Sonia from the block

In her now-famous speech at the University of California in 2001, Judge Sonia Sotomayor probably made a political mistake. She spoke the truth.

“Our experiences as women and people of color affect our decisions,” she told a law-school forum. “The aspiration to impartiality is just that – it’s an aspiration because it denies the fact that we are, by our experiences, making different choices than others ...”

Her critics have seized on another passage from that speech to label her a “reverse racist,” the oft-quoted line that a “wise Latina woman ... would more often than not reach a better conclusion than a white male.” That single word “better” has unfortunately obscured the validity of her basic point.

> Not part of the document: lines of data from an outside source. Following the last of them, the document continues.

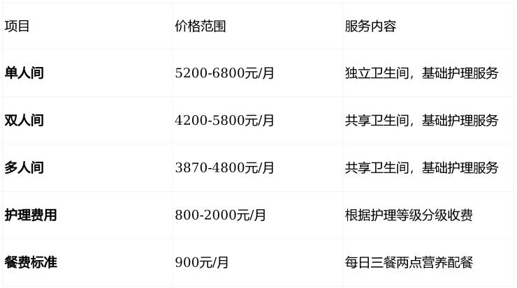 注:所有费用均涵盖基本生活照料、膳食配餐及日常护理服务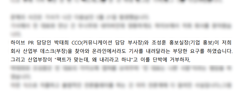 기자의 제보로 박태희 CCO와 함께 거론된 새로운 인물인 조성훈 하이브 홍보실장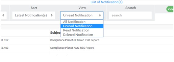 Select the notifications to be displayed by clicking the ‘View’ box as in fig. 35.1e. The categories of notifications available are; Unread notification, Read notification, Deleted notification and All notifications. The Unread category is the default view on landing on the page.

Every one of us makes “different choices” based on our backgrounds, and that’s why diversity is so essential in all of our major institutions – courts and legislatures, classrooms, newsrooms and boardrooms. Strike “better,” as Sotomayor probably will when she testifies before Congress next month. “Different” is more than enough to justify diversity.

This is NOT a question of quotas. It is a question of fairness, of making sure that our institutions accurately reflect America’s full range of priorities and perspectives.

What is most infuriating about Sotomayor’s critics is their unstated but unmistakable assumption that judgments rendered by white men set the standard of impartiality. If women or nonwhites reflect their own life experiences, they are somehow deviating from the norm.